Today's systems demand acceleration in processing and learning using massive datasets. Unfortunately, because of poor energy scaling and power limits, performance and power improvements due to technology scaling and instruction level parallelism in general-purpose processors have ended. It is well known that full custom, application-specific hardware accelerators can provide orders-of-magnitude improvements in energy/op for a variety of application domains. Therefore, there is a special interest in systems that can optimize and accelerate the building blocks of machine learning and data science routines. Many of these building blocks share the same characteristics as building blocks of high performance computing kernels working on matrices.
Such application specific solutions rely on joint optimization of algorithms and the hardware, but cost hundreds of millions of dollars. PRISM (Platform for Rapid Investigation of efficient Scientific- computing and Machine-learning accelerators) is proposed to amortize these costs. PRISM enables application designers to get rapid feedback about both the available parallelism and locality of their algorithm, and the efficiency of the resulting application/hardware design. PRISM platform consists of two coupled tools that incorporate design knowledge at both the hardware and algorithm level. This knowledge enables the tool to give application designers the ability to quickly evaluate the performance of their applications on the proposed/existing hardware, without the application designer needing to be an expert at hardware or algorithms. This platform will leverage tools created from the team's prior research.
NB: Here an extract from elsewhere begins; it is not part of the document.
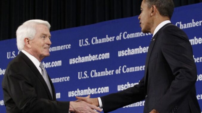 Obama took that same outlook toward U.S. strategic trade interests. This is why President Obama subcontracted trade policy to the President of the U.S. Chamber of Commerce, Tom Donohue (pictured above).

Initially, these tools will be used to create an efficient solution for each application, followed by a comparison of the resulting hardware designs. The possibility of creating platforms that span multiple classes of algorithms can then be explored. Finally, a comparison of these new architectures to existing heterogeneous architectures with GPUs and FPGAs will be made, to gain understanding about what modifications are necessary for these architectures to achieve higher levels of efficiency when supporting these classes of algorithms. The work on key applications will lead to better insight about the computation and communication intrinsic to these computations, and provide algorithms for these applications that will be effective on conventional and new architectures.
|